### [TASK BRIEF]
Below are the entries; give again exactly the lines from the one mentioning "According to Xinhua" through the one mentioning "After clicking on", inclusive.

(DATA FOR ANALYSIS Opens)

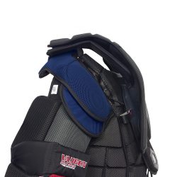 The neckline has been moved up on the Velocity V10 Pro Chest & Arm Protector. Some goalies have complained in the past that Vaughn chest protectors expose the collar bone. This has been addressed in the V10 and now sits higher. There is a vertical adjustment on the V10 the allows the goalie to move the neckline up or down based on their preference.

(DATA FOR ANALYSIS Closes)
(DATA FOR ANALYSIS Opens)

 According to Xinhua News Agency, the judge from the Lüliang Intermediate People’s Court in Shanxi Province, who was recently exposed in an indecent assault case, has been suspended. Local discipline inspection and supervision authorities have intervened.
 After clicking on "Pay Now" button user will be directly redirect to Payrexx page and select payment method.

(DATA FOR ANALYSIS Closes)
(DATA FOR ANALYSIS Opens)

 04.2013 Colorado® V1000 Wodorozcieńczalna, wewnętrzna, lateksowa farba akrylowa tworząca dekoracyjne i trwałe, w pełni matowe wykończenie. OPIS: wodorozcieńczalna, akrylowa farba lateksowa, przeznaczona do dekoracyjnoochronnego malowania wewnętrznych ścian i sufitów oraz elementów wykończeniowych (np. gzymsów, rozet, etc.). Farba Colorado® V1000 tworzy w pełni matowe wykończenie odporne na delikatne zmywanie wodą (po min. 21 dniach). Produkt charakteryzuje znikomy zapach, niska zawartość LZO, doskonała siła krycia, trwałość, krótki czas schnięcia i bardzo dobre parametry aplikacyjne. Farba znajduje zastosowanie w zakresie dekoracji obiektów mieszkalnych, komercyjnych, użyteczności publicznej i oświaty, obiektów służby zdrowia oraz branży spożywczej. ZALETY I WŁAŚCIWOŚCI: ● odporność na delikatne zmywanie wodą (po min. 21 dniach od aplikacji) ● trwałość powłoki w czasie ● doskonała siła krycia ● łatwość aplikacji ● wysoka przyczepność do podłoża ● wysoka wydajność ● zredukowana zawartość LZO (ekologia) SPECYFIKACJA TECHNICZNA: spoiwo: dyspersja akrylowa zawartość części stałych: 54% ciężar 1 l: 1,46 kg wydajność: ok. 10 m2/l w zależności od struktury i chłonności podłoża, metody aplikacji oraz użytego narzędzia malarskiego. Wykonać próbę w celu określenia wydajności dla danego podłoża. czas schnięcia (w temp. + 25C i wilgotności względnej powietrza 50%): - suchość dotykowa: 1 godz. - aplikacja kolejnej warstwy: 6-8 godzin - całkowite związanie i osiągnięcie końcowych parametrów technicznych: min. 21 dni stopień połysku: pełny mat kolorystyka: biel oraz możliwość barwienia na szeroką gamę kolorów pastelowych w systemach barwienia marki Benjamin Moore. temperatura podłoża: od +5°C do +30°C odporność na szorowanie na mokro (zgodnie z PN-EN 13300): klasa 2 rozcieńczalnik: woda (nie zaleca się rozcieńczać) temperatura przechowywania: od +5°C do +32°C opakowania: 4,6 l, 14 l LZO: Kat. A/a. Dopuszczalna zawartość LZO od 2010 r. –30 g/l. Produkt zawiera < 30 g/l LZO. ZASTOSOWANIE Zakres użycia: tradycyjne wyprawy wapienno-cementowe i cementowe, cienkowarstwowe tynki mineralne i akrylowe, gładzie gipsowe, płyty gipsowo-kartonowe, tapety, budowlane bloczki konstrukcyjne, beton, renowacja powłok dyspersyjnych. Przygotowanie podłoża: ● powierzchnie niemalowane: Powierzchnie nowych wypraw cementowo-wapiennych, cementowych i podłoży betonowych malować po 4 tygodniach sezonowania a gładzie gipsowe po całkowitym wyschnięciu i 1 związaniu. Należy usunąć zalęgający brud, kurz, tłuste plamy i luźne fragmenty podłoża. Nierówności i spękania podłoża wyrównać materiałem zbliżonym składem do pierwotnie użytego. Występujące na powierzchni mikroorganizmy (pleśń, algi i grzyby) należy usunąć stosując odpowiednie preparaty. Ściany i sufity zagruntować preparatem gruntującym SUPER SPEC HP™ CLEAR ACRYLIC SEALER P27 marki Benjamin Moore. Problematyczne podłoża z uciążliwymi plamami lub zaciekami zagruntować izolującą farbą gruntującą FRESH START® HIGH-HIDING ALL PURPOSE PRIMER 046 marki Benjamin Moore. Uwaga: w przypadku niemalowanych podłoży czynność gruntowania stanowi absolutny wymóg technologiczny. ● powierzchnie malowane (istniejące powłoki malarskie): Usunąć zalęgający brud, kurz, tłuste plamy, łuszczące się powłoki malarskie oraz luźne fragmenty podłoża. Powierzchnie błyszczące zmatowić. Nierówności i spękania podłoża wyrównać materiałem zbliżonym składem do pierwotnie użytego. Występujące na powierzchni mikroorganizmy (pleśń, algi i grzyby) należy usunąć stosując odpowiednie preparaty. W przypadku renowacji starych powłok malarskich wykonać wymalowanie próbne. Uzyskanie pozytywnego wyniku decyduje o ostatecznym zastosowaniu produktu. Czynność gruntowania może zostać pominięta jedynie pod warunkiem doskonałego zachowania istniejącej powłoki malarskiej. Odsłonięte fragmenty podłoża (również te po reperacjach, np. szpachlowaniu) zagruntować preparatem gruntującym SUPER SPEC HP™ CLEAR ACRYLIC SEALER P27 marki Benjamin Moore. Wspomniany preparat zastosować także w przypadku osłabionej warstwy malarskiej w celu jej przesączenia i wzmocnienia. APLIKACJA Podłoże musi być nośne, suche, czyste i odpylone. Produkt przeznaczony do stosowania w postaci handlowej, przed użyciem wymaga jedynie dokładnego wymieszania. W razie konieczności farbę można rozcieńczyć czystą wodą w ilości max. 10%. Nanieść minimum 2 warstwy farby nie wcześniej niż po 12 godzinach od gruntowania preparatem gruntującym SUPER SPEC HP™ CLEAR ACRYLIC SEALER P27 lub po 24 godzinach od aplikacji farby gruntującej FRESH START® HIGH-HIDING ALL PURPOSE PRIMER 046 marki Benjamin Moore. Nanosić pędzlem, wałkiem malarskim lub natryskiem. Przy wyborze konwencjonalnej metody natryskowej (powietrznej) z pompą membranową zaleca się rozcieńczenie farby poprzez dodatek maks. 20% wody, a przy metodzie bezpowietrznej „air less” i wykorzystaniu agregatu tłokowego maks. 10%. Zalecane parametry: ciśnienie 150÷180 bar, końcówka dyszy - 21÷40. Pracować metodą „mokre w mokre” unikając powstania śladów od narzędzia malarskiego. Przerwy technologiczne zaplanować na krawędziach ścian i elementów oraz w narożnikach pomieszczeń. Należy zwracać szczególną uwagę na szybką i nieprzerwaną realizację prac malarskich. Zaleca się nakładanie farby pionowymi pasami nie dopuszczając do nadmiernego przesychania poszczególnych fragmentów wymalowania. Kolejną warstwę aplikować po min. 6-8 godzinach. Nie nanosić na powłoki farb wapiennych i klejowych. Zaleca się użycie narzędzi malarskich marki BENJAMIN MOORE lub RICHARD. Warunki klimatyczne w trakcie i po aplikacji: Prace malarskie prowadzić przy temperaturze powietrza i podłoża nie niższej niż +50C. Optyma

(DATA FOR ANALYSIS Closes)

### [TASK OUTPUT]
 According to Xinhua News Agency, the judge from the Lüliang Intermediate People’s Court in Shanxi Province, who was recently exposed in an indecent assault case, has been suspended. Local discipline inspection and supervision authorities have intervened.
 After clicking on "Pay Now" button user will be directly redirect to Payrexx page and select payment method.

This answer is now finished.